SOURCE DATA:
• • • • • • •

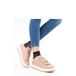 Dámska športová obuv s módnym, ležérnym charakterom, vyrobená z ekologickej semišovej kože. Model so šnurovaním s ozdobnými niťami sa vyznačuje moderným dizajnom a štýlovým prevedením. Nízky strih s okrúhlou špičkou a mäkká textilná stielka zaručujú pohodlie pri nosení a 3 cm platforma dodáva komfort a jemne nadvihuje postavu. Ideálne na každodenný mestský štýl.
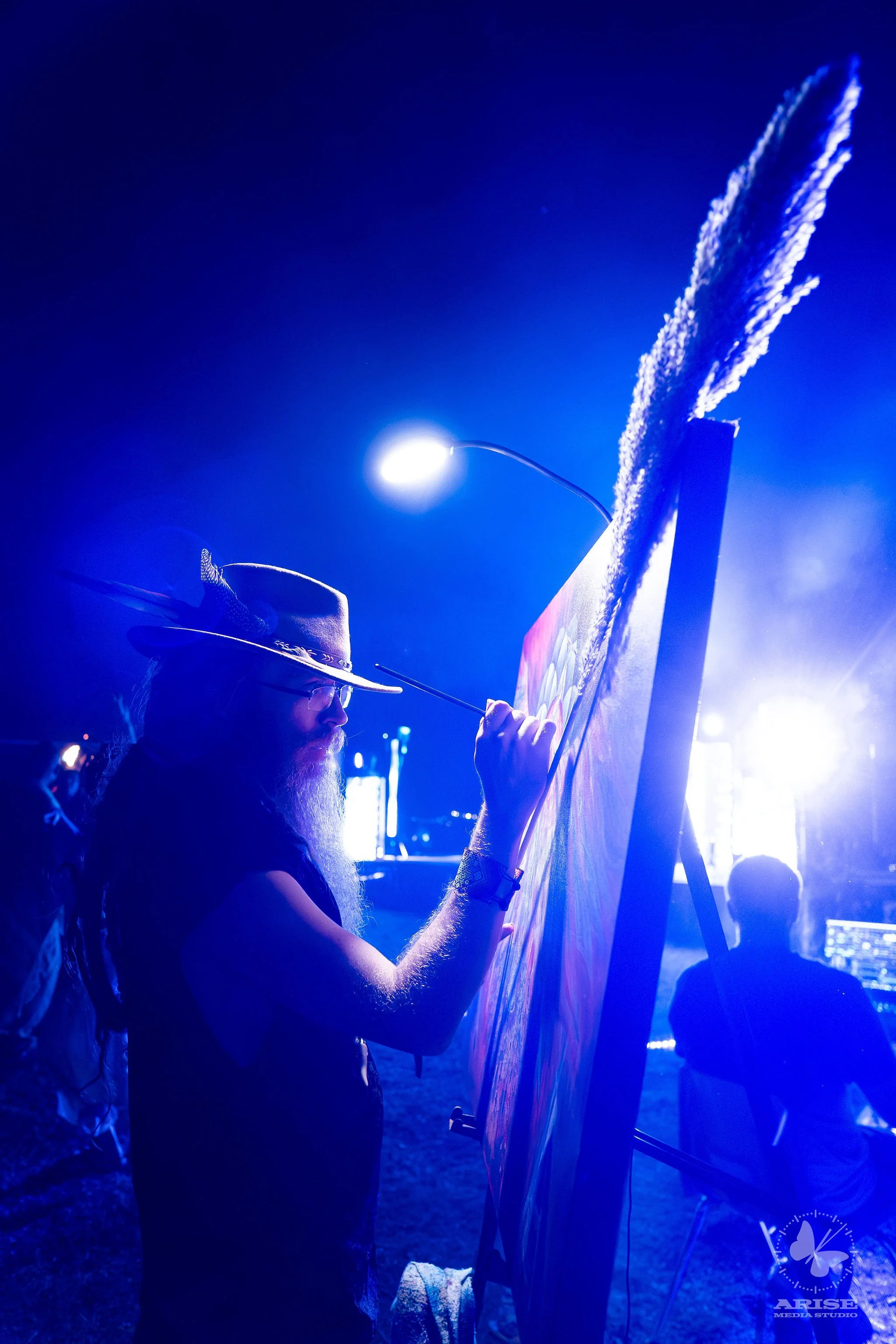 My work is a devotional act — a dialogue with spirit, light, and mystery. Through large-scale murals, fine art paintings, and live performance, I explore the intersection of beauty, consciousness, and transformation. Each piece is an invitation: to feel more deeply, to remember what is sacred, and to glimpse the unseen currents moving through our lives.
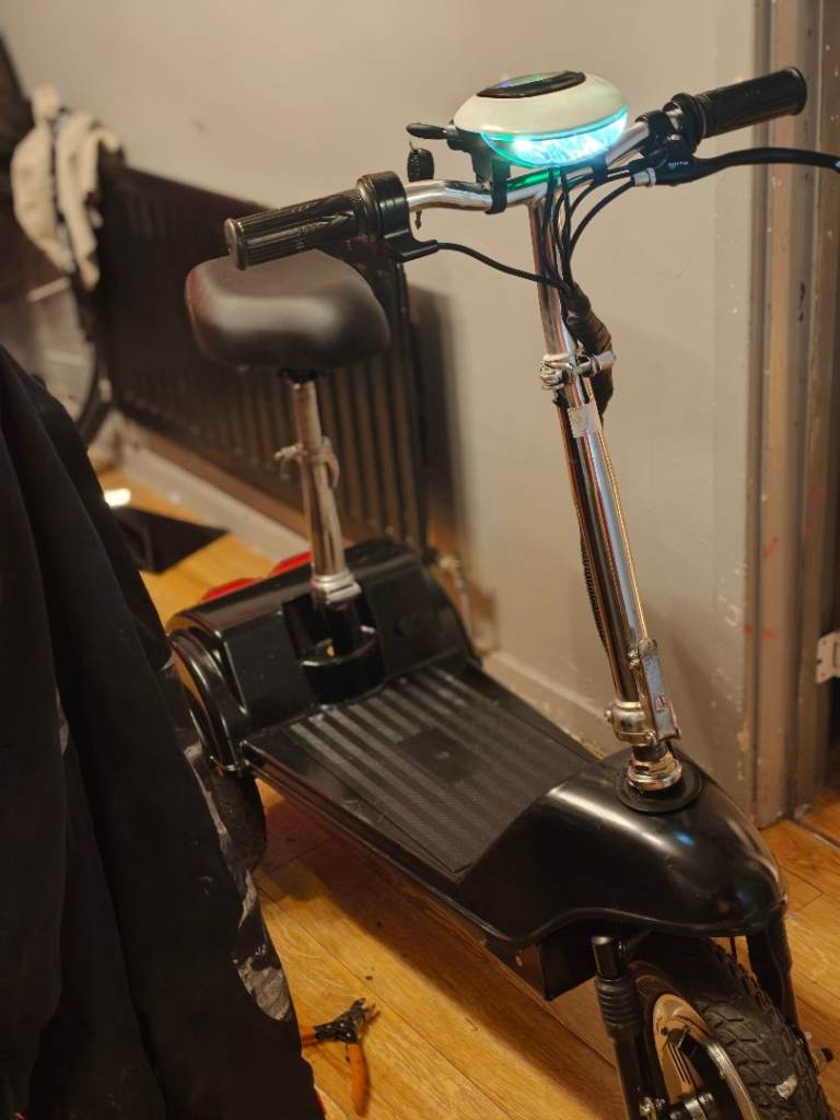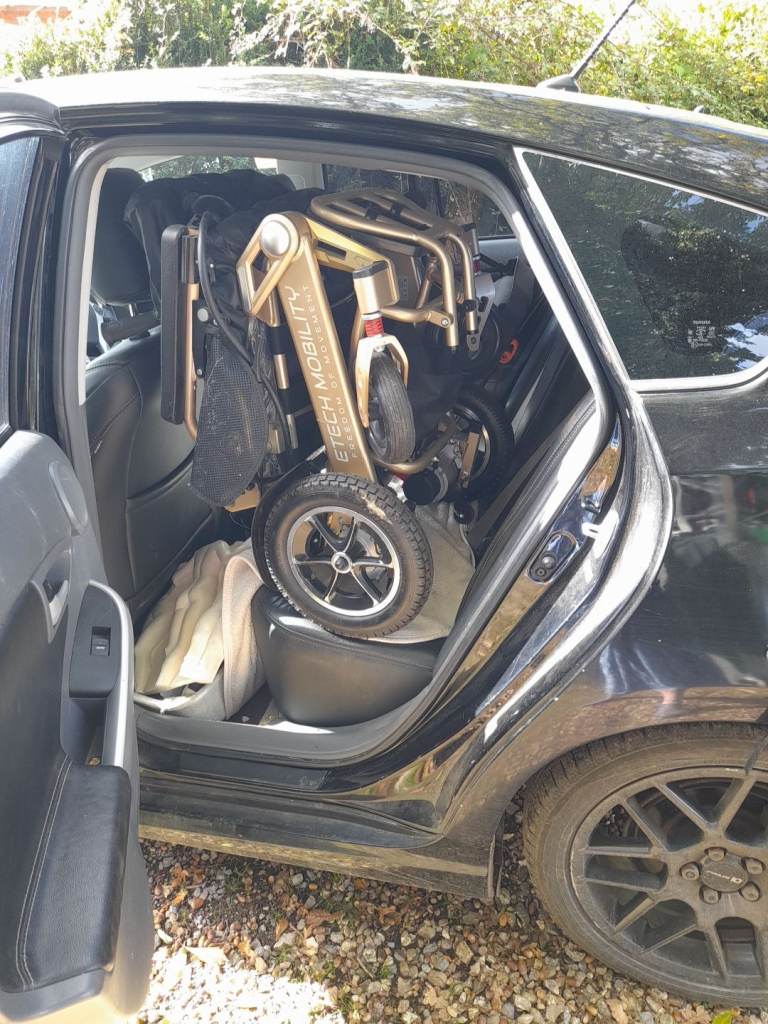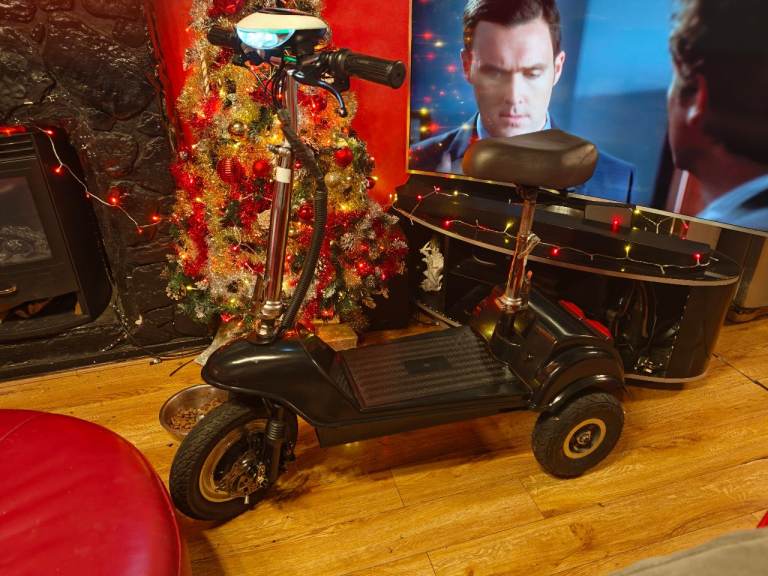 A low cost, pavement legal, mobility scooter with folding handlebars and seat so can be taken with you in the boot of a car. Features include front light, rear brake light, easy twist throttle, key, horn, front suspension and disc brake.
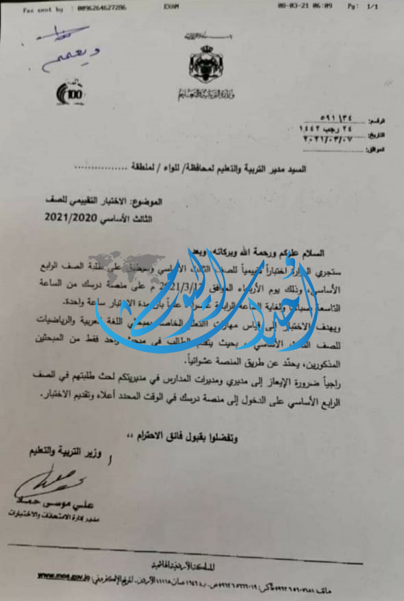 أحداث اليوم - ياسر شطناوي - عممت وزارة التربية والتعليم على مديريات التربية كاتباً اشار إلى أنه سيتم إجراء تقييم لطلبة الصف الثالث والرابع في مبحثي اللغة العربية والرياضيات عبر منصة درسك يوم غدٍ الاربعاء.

• • • • • • •

PROBLEM TO SOLVE:
Everything from the line containing "My work is a" through the last line of the listing above must be output exactly, except the pictures.

ANSWER TO THIS PROBLEM:
 My work is a devotional act — a dialogue with spirit, light, and mystery. Through large-scale murals, fine art paintings, and live performance, I explore the intersection of beauty, consciousness, and transformation. Each piece is an invitation: to feel more deeply, to remember what is sacred, and to glimpse the unseen currents moving through our lives.
 A low cost, pavement legal, mobility scooter with folding handlebars and seat so can be taken with you in the boot of a car. Features include front light, rear brake light, easy twist throttle, key, horn, front suspension and disc brake.
 أحداث اليوم - ياسر شطناوي - عممت وزارة التربية والتعليم على مديريات التربية كاتباً اشار إلى أنه سيتم إجراء تقييم لطلبة الصف الثالث والرابع في مبحثي اللغة العربية والرياضيات عبر منصة درسك يوم غدٍ الاربعاء.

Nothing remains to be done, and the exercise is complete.